## [Assigned task]
Output only the lines that run from the line holding "vado ma non" to the end of the data below, including both ends, without any pictures.

Start of Records for this exercise

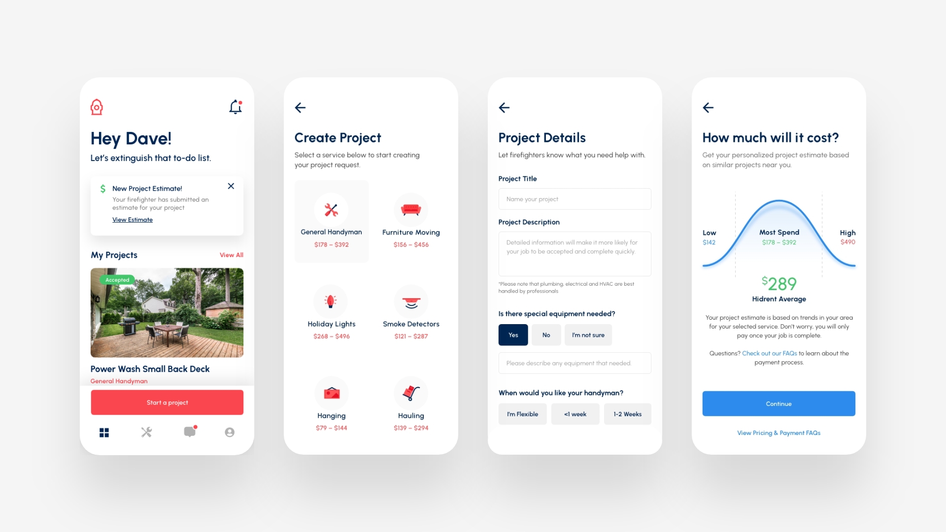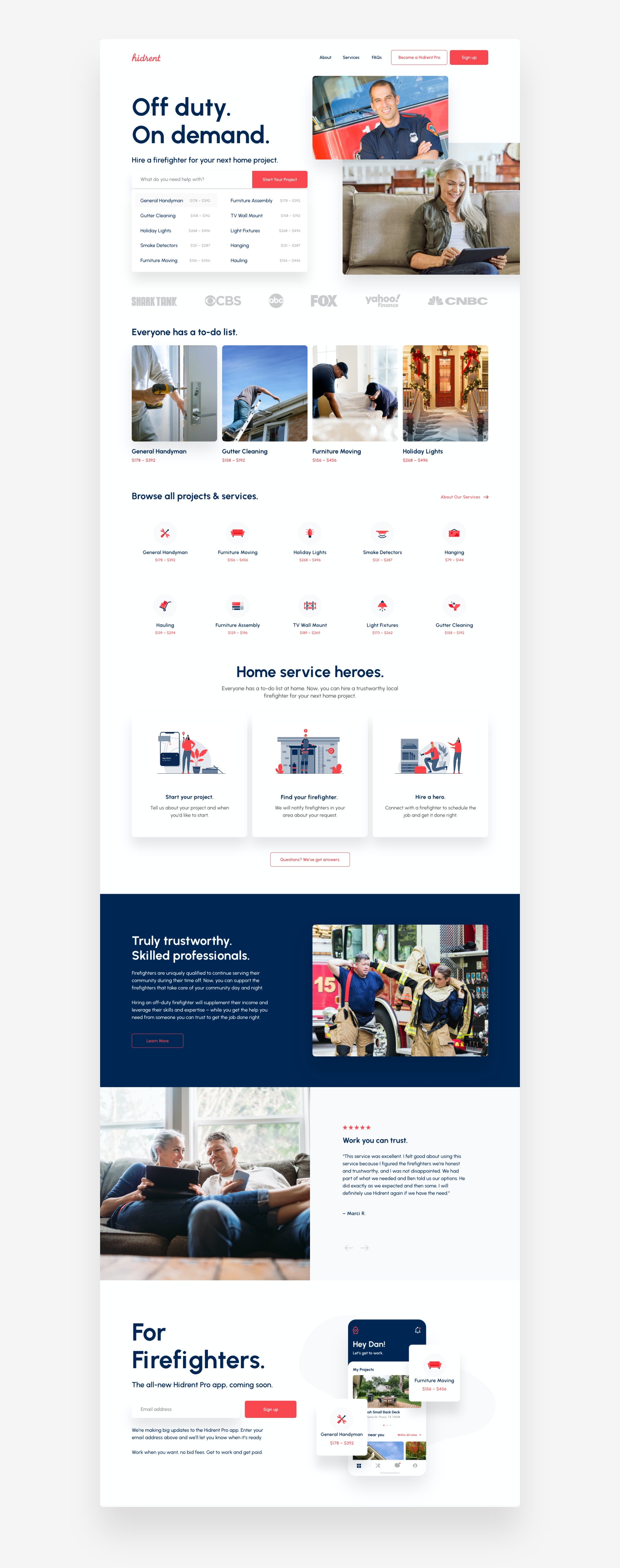 Hidrent is a gig-labor app connecting homeowners in need with off-duty firefighters to complete a variety of tasks around the house or business.
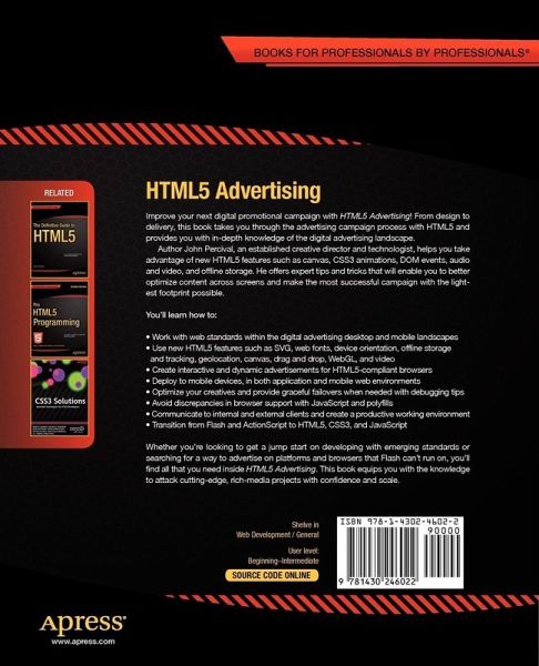 Takes you through the advertising campaign process with HTML5 from design to delivery Provides in-depth knowledge into the digital advertising landscape and the HTML5 specification Communicates tips and tricks coming from Flash and ActionScript to HTML5, CSS3 and JavaScript. HTML5 Advertising equips you with the knowledge to attack cutting-edge, rich media projects with confidence and scale, while also learning the essentials to communicate to internal and external clients. HTML5 is here whether you like it or not, so why not jump in early and head down the path of building the future.
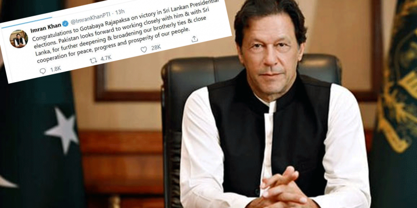 ජනාධිපතිවරණයෙන් ලැබූ ජයග්‍රහණය සම්බන්ධව ජනාධිපති ගෝඨාභය රාජපක්ෂ මහතාට සිය සුබපැතුම් එක්කරන බව පකිස්තානු අගමැති ඉම්රාන් ඛාන් මහතා සනහන් කරයි.
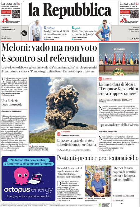 “Meloni: vado ma non voto. È scontro sul referendum” (La Repubblica).
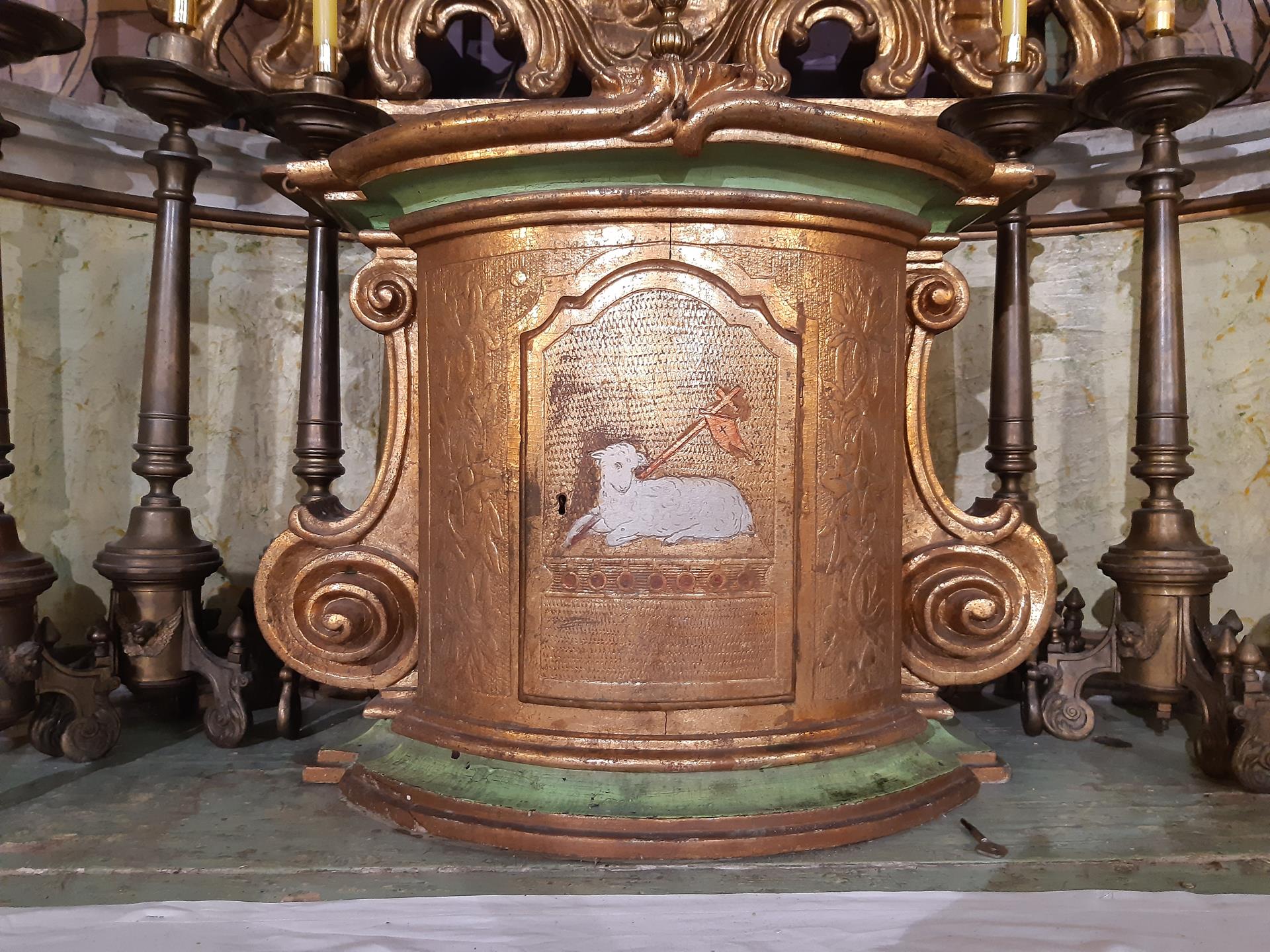 Ławek tych było w świątyni pod koniec XIX w. 15. Trzy znajdowały się w prezbiterium. W jednej zasiadał przed i po nabożeństwach

End of Records for this exercise

## [Output of the exercise]
 “Meloni: vado ma non voto. È scontro sul referendum” (La Repubblica).
 Ławek tych było w świątyni pod koniec XIX w. 15. Trzy znajdowały się w prezbiterium. W jednej zasiadał przed i po nabożeństwach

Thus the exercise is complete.